Big data is all the rage. While we will address the question of what big data is, the real question is how it differs from the traditional world of analytics and data warehousing that we were familiar with just a couple of years ago. Historically, data warehouses catered for data that was originally transactional. As companies started to want to analyse other forms of data, such as clickstream data, these were converted into relational format (they are not intrinsically relational) so that they could be stored and analysed with a conventional warehouse. However, as the world has become increasingly instrumented with sensors, monitors and other devices, the need to store such data has ballooned.
At the same time, companies have recognised that there is significant value to be obtained from analysing unstructured data (usually text but also video and audio) such as comments on message boards, tweets and the like. The problem with analysing this sort of data is that it is not easy to put it into relational format for analytic purposes: search is about the most you can hope for. Further, there is so much of this data that it would be prohibitively expensive to store it in a conventional manner. As a result of these considerations, companies like Google and Yahoo! developed new methods for storing and analysing this sort of data. As it turns out, these methods are also suitable for storing and analysing the instrumented data discussed in the previous paragraph.

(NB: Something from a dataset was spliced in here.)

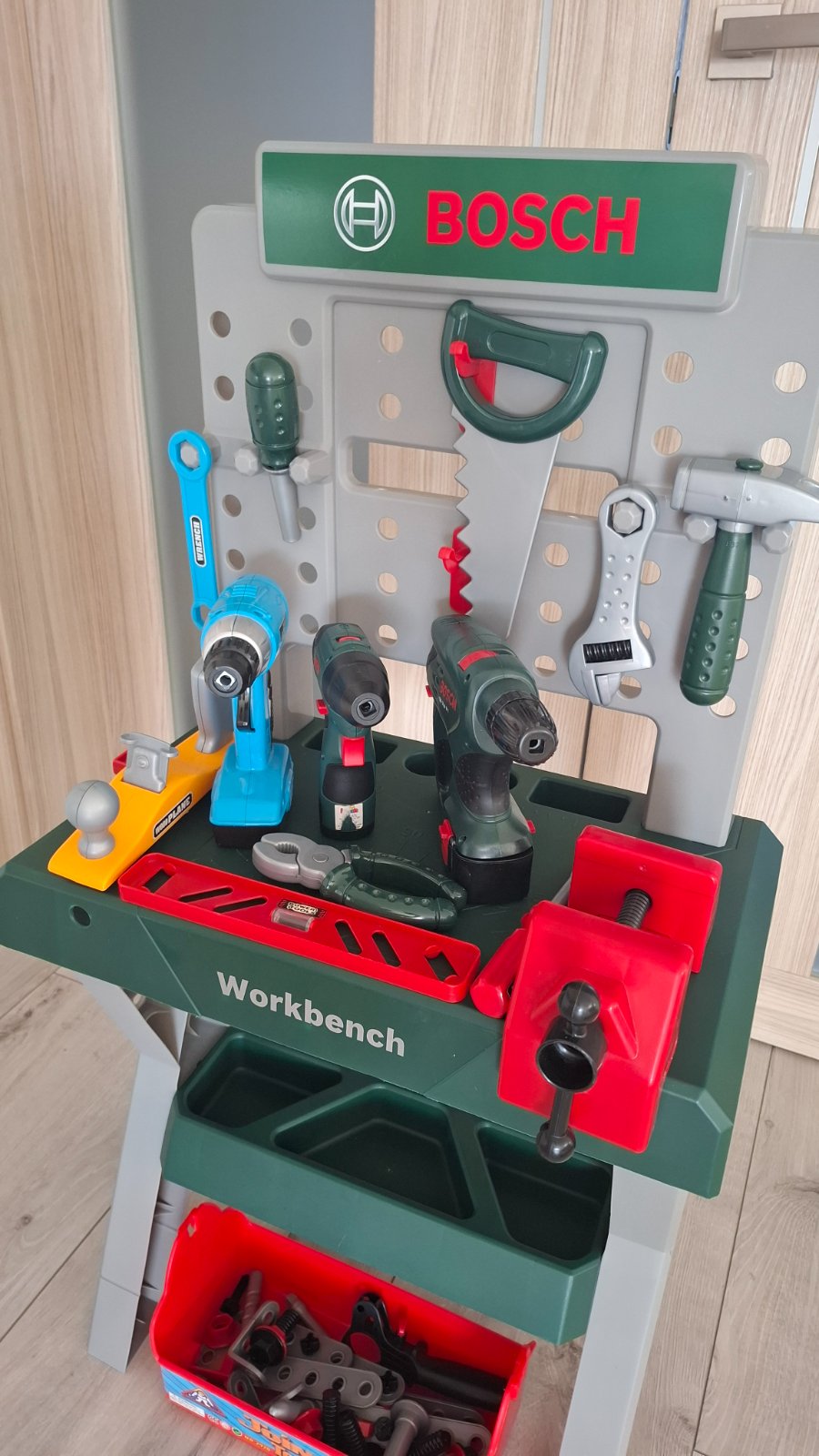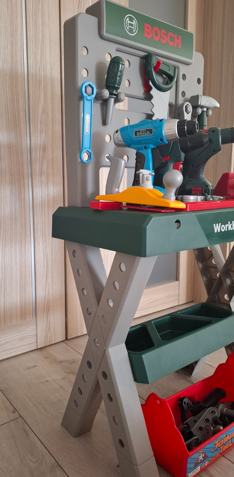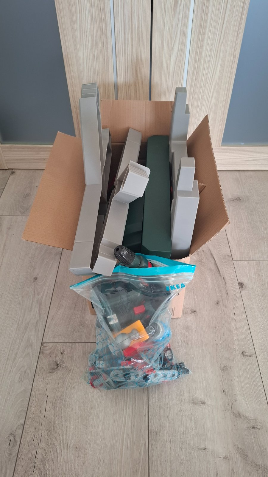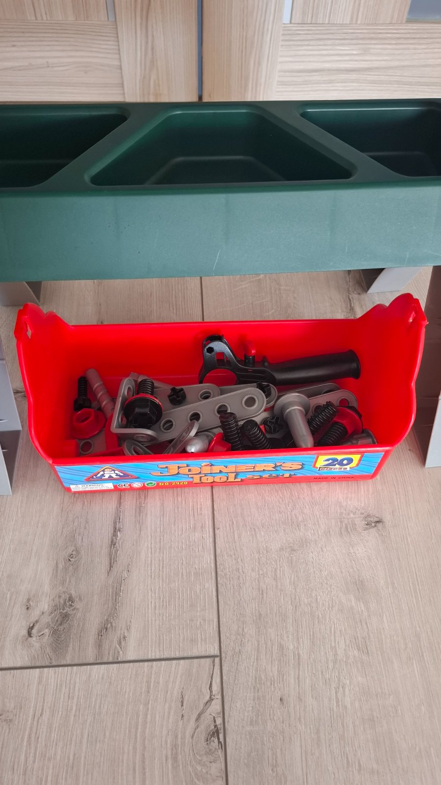 Používané a hrané, bežné známky hrania. V cene je všetko čo je na foto. Stôl je už zložený v krabici ako na poslednej foto nachystaný pre ďalšieho malého kutila :)

While there are many options, the most popular method for handling big data is Hadoop. However, Hadoop has limitations: for example, it does not support ad hoc enquiries, it is not especially fast and it lacks enterprise-class data management capabilities. It is, on the other hand, much more cost-effective at managing non-relational data than a conventional data warehouse. For all of these reasons enterprises are looking at how they can combine Hadoop with a traditional data warehouse. In this paper we will not only discuss what big data is and why you might want to deploy big data analytics but also what sort of facilities you need when combining Hadoop with a traditional warehouse and, specifically, what facilities Sybase (an SAP company) offers in this respect.